But Shamron was in no particular hurry to see them, for he was quite certain he knew more about the terrible events that evening in Paris than they ever would.

For one hour Shamron sat in his chair, stone-faced, smoking one cigarette after another, watching CNN International on one television, the BBC on another, French state television on the third. He didn’t particularly care what the correspondents had to say-they knew next to nothing at this point, and Shamron knew he could put words in their mouths with one five-minute phone call. He wanted to hear from the witnesses, the people who had seen the assassination with their own eyes. They would tell him what he wanted to know.

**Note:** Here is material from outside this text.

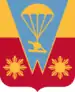 - Shield: Per fess enhanced Or and Gules, on a pile of two points Azure (Korean service ribbon Blue) fimbriated at the first between in base two Philippine suns of the like, a howitzer mounted on a heavy drop platform and attached to an open parachute all of the last.

A German girl, interviewed on CNN, described the auto accident that preceded the assault: “There were two vehicles, a van of some sort, and a sedan. Maybe it was a Peugeot, but I can’t be sure. Traffic on the bridge came to a standstill in a matter of seconds.”

Shamron used his remote to mute CNN and turn up the volume on the BBC. A taxi driver from the Ivory Coast described the killer: dark hair, well dressed, good-looking, cool. The killer had been with a girl on the bridge when the accident occurred: “A blond girl, a little heavy, a foreigner, definitely not French.” But the taxi driver saw nothing else, because he took cover beneath the dashboard when the bomb went off and didn’t look up again until the shooting stopped.

Shamron removed a scuffed leather-bound notebook from his shirt pocket, laid it carefully on the desk, and opened it to a blank page. In his small precise hand he wrote a single word.